Page 65 of Caged Bird

I couldn’t even pretend it was Zane’s touch. I knew what that felt like now, and it was nothing like the possessive groping Eddie was fond of.

Zane’s touch was the opposite. It was sweet. Kind. Respectful.

Wanted.

So very, very wanted. Just the look we’d shared earlier before he’d gone outside had sent heat racing through my veins, and that warm bubble of attraction hadn’t disappeared since, even though he’d been out in the yard for hours.

Otis and Margaret had come inside and quietly disappeared upstairs with food I’d pressed into Margaret’s hand as she’d passed. I’d caught her arm just long enough to whisper in her ear to lock Otis’s bedroom door and barricade it with his bed or whatever else the two of them could push in front of it between the two of them.

It was the safest I could make them. I couldn’t hide Margaret in a box the way I did with Otis.

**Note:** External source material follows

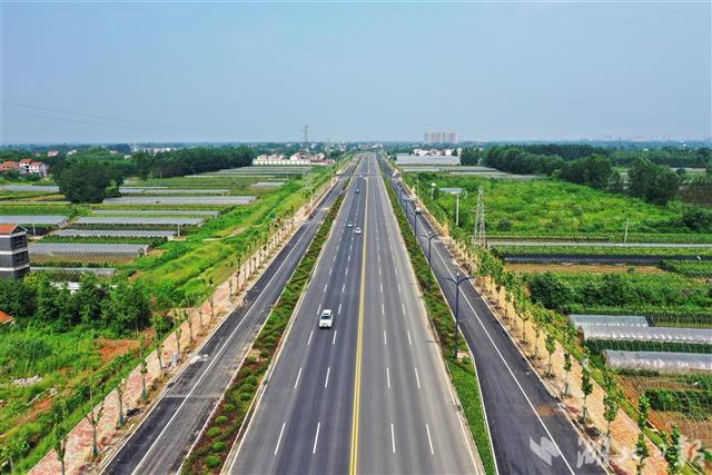 2021年7月20日,在武汉市新洲阳大公路周孟路口,宽60米、双向10车道的新阳大公路宽敞平坦、标线清晰,行人和车辆各行其道。当日,全长17公里的武汉市新洲阳逻至大埠公路经过中国一冶等施工单位的拓宽改造后通车。

Cars and trucks and bikes rolled in, more and more people arriving for Eddie’s party, his crew and Zane ushering them all to the back of the house where I’d laid out a table with food, and drinks flowed from the keg Spider had brought.

Each new arrival sent my anxiety to a higher level, until I was visibly trembling, watching Eddie practice strutting around the house, so when he made his grand entrance to the party, he looked like the strong, in-command leader he so desperately wanted to be, so Carlos Guerra would see him as an equal.

All I could think about was the last party we’d had here. And how it had ended in a pool of blood and me spending a week wondering if I was going to die, chained up in this godforsaken house, my child perishing right along with me.

I squeezed my eyes shut, trying to get myself under control.

That wasn’t going to happen again.

Zane had promised he wasn’t leaving without me.

Maybe it was stupid to believe him, when he was just as much a prisoner here as I was, but my heart needed to. When Zane had made that promise, I’d seen the raw honesty of it in his eyes, and I’d known he meant every word.

We would get out.

We had to.

The looks he shot me from the back of the yard filled me with a hope I had no right feeling.

Eddie peeped out and swore beneath his breath. “They’re here.”

“Who?”

“Guerra and his wife.” Eddie grinned at me. “A partnership with them is going to mean big things for me, Peach. BIG things.”

I didn’t know what that meant, and I didn’t want to know.

If Eddie wanted to be in business with someone, I doubted they were people I wanted to have anything to do with. So I just murmured an obligatory, “Good luck.”

His cocky arrogance rose to the surface. “Don’t need luck. They’ll be begging for me to step up and take on a bigger role before the end of the night. I’ve been fucking spotless for them. Never missed a payment or a delivery. I’ve earned my place at Guerra’s side, Peach. He fucking owes me.”

I just nodded, unable to dredge up any more empty words for a man who only wanted his ego fed. “I’ll go outside and make sure the food isn’t running low.”

Eddie nodded. “Good. And then I’ll make my entrance.”

I fought the urge to roll my eyes and turned away before he could see my expression.

I pushed my way through the back door and hurried down the steps quietly, hoping I blended into the shadows of the night. Zane had replaced the bulb in the single spotlight that helped light the yard, and he’d piled up wood for a bonfire which now crackled with flames, spreading a soft orange glow that helped the spotlight along.

There was enough light to see the large group that had gathered to party, some perched on the old stone retaining wall,others on the array of mismatched cheap plastic chairs we’d collected over the years from God only knows where. Probably the side of the road.

Eddie made his grand entrance to cheers and wolf whistles from his crew, and he smiled charmingly, descending the stairs without so much as a grimace, though I knew it had to be hurting him.

Or maybe that handful of pills he’d downed in the kitchen was already working.

I found a shadowy spot at the edge of the pool of light to watch Eddie’s triumphant public return to the land of the living. There was more than one, “Takes more than a bullet to slow me down,” type statements from his obnoxious mouth, each one making me hate him just a little bit more.